Wir hatten vor zwei Jahren schon schlechte Erfahrungen gemacht, da das Krankheitsbild damals auch nicht erkannt wurde. Es war diesmal genau derselbe Ablauf: Die Ärztin der Kinderambulanz bewegt den Arm hoch und runter, hin und her .. das Kind schreit bei jeder kleinen Bewegung. Sie sagt, sie könne da nichts machen und verweist uns in die Chirurgie. Dort das gleiche Spiel. Ein sehr junger Arzt (der meinen Sohn auch in einer sehr unangenehmen Lautstärke ansprach) bewegt wieder den Arm hin und her ... der Kleine schreit wie am Spieß. Er lässt Ellenbogen und Handgelenk röntgen.

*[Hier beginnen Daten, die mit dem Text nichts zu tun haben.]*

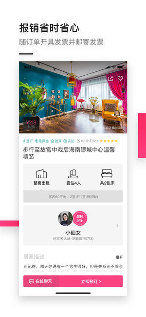 你可随时随地打开小猪APP,选择自己喜欢的特色房源或房间,查看房源照片,了解房源和房东的介绍及价格信息,并与房东进行在线沟通,第一时间掌握这些短租日租房、民宿客栈或是酒店式公寓的详情,轻松完成住宿预订。

Wie zu erwarten, ist auf den Röntgenbildern alles in Ordnung. Auch meine Hinweise auf die möglicherweise sehr einfache Wiedereinrenkung wurden ignoriert und abgetan. Der Arm sollte mit einer Schiene ruhiggestellt werden. Mein Sohn wehrte sich energisch, so dass am Ende nur das Handgelenk mit einer Binde fixiert wurde.
Dann sind wir quasi unverrichteter Dinge und mit schmerzendem Arm nach Hause gefahren.
Ich war sehr wütend und wollte mich nicht damit abfinden. Eine kurze Suche bei Youtube brachte ein Video zum Vorschein, in dem der Einrenkungsablauf gut zu sehen war. Ich hab dies dann selbst bei meinem Sohn durchgeführt. Seitdem ist er beschwerdefrei!